Design/methodology/approach
An ethnographic account of humor, ritual and defiance is presented from 29 months spent in a private, concierge-type radiation oncology center through thick description.
Findings
This study reinforces the literature on the value of institutionalizing humor and ritual to improve patients’ experience in cancer care given the dominance of large public institutions, most easily accessed by academic researchers. Suncoast Coast Radiation Center’s “institutionalized humor” is an important finding that should be examine further. Scholarship can also illuminate the use of ritual in settings where health care is practiced.

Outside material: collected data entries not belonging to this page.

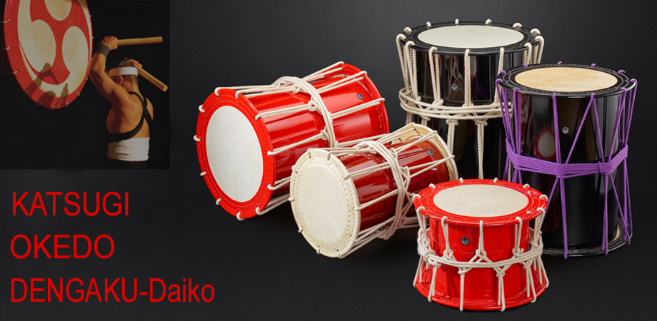 Die kleine DENGAKU-Taiko ist ein echtes Fliegengewicht. Bauweise und Material sind die gleichen wie die der Katsugi-Daiko. Mit nur ca. 3kg Gewicht ermöglicht sie dem Trommler allerdings fast unbegrenzte Mobilität und Flexibilität, besonders bei tänzerischen Elementen. So wurde diese Taiko auch ursprünglich oft beim traditionellen Dengaku (田楽) Tänzen eingesetzt, einer typischen Darbietung der Heian Zeit. In knallrot, gespannt mit weißem Baumwollseil setzt sie auch optisch einen starken Akzent und ist mit Schultergurt beidseitig oder auch als Handtrommel bespielbar.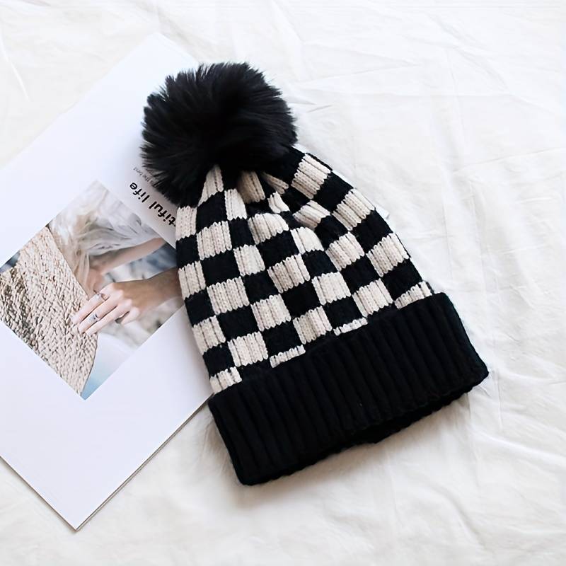 Pletená zimná čiapka s otvorom na cop. Dvojvrstvová.
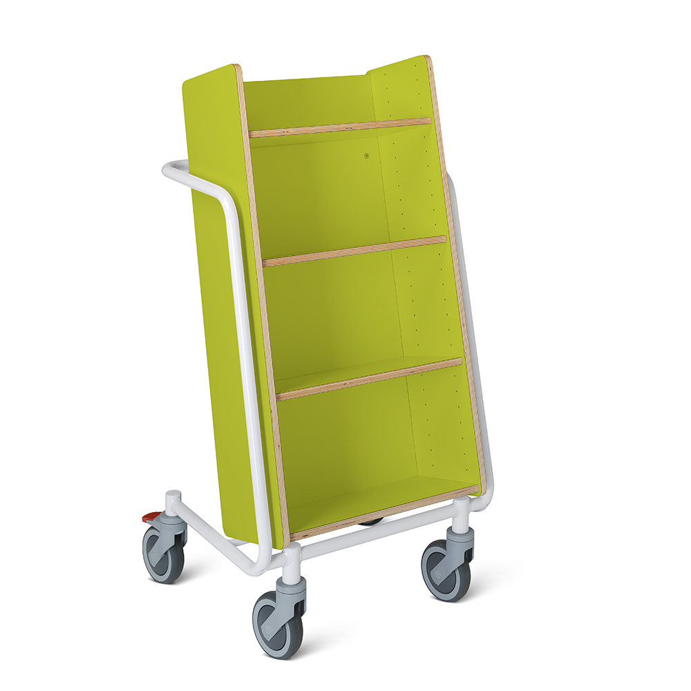 Enkelsidig vagn med 4 lutande hyllplan varav 3 är flyttbara för att passa olika bokstorlekar.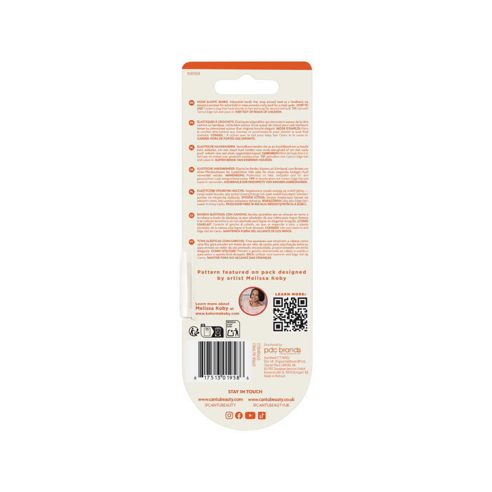 The Cantu Snag-Free Hook Elastic Bands are your next obsession when it comes to curly hair accessories. Say goodbye to painful snags and say hello to curly puffs and stylish updos. Our extra-long and snag-free bands can wrap around your head as a headband, or be tied around a ponytail for extra hold. Fit them exactly to your hair length, thickness, and desired style with the adjustable feature. You can try a new style every day of the week with these multi-purpose elastic bands designed for your comfort.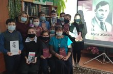 Совместно с работниками библиотеки учительница русского языка и литературы Н.Ш.Габдрахманова провела литературный вечер на тему: « Муса Джалиль – образец героизма и творчества».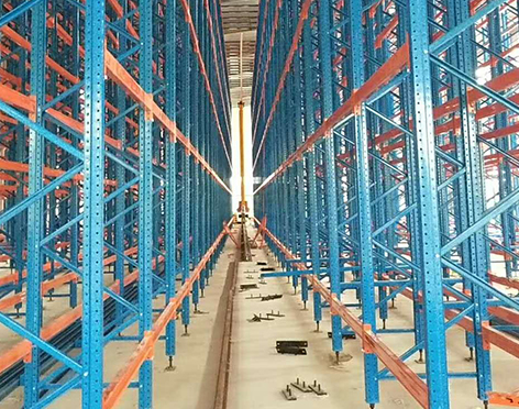 结构特点:由立柱、横梁、支撑杆等构成,类似横梁式货架但更精密,稳定性强。底部加装三向堆垛叉车行动导轨(常用不等边角钢),货架高度可达10-15米,通道宽1.6-2米,仅容一台叉车,叉车沿导轨滑行作业。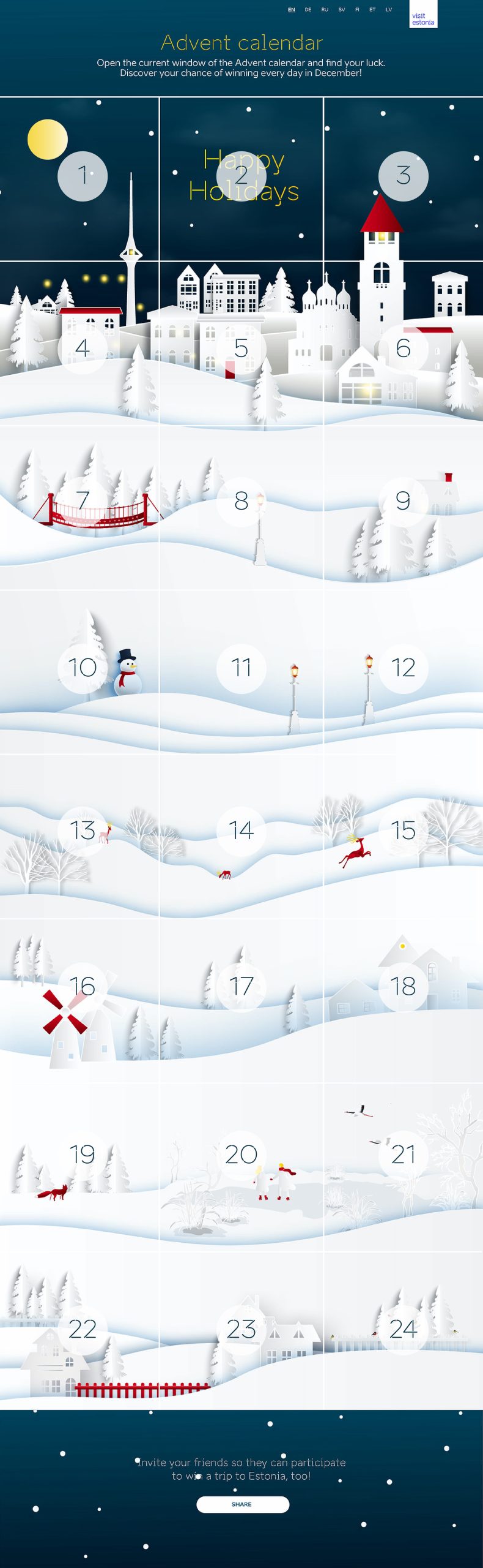 EIS – AdvendikalenderRoll Loovjuhtimine & VeebidisainLisainfo Virtuaalne advendikalender loob piduliku meeleolu pühadeootuses ning jutustab lummava loo Eestist EIS veebilehel ja Instagrami kontol.PREVFoodFulNEXTEIS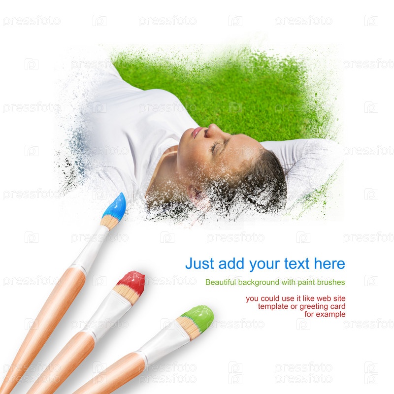 Белый фон с тремя кистями для рисования, портрет красивой молодой женщины на открытом воздухе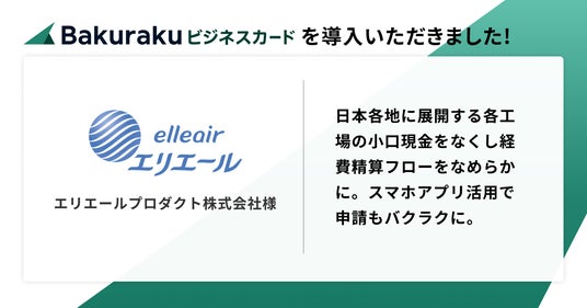 すべての経済活動のデジタル化を目指す株式会社LayerXは、法人向けビジネスカード「バクラクビジネスカード」が、エリエールプロダクト株式会社(代表取締役社長 黒田浩史、以下「エリエールプロダクト」)に導入されたことをお知らせします。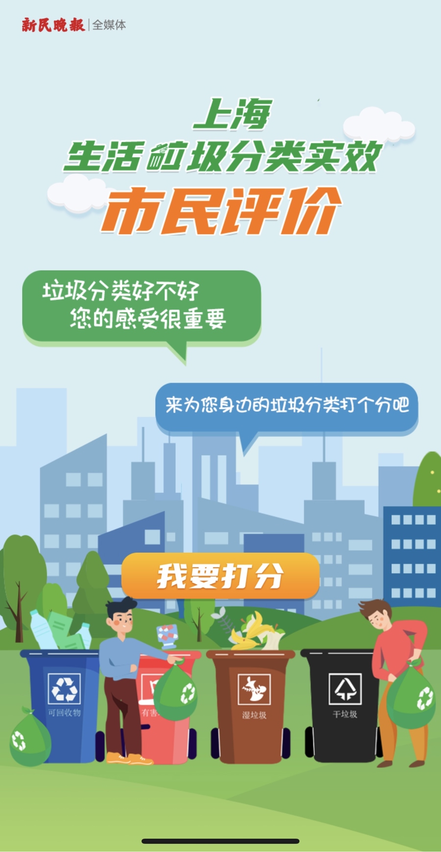 12月6日至12月12日,上海市生活垃圾分类减量推进工作联席会议办公室联合新民晚报第八次开展“上海生活垃圾分类实效市民评价”,邀请市民为身边的垃圾分类打分。市民可通过“新民晚报”微信公众号或扫二维码参与打分和评价。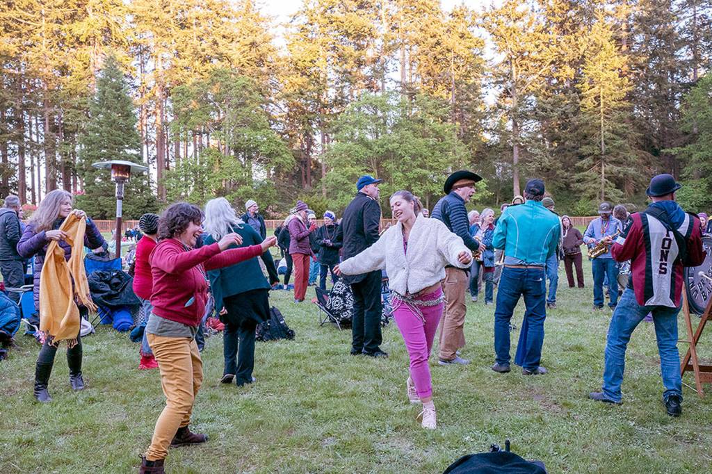 Port Townsend business owner Connie Segal dances with a friend to the brassy notes of the Unexpected Brass Band during the start of Chautauqua Week on Littlefield Green at Fort Worden State Park on Friday.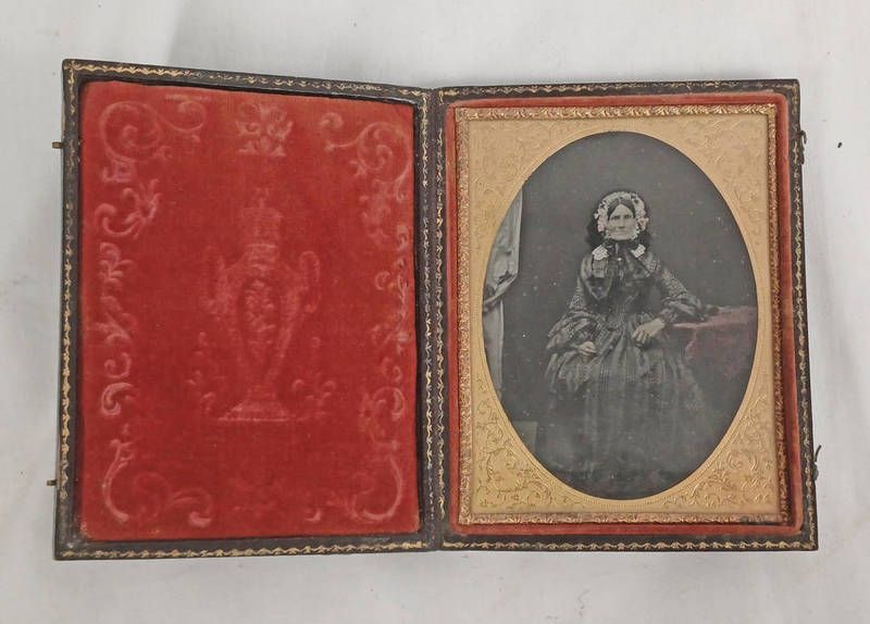 19th century leather cased ambrotype / daguerreotype of a eldery victorian lady in a dress with pink highlights to her head

Research limitations/implications
This study is limited to a particular research setting which is a private, concierge care radiation oncology treatment center in the Southeastern USA.
Practical implications
Cancer care centers should consider carefully institutionalizing humor and ritual into their daily practices. Further, patient defiance should be reinterpreted not as a patient deficiency but as a therapeutic coping mechanism by patients.
Social implications
While nearly half of cancer care in the USA is offered in private, for-profit institutions, the vast majority of the understanding of cancer care comes only from non-profit and government-run institutions. Shining a light of these neglected cancer care settings will add to the understanding and the ability to improve the care offered to patients.
Originality/value
This is the first health ethnography in a concierge care, cancer care treatment setting. It tests the proposition that humor, ritual and defiance play an important role in a private concierge cancer care organization.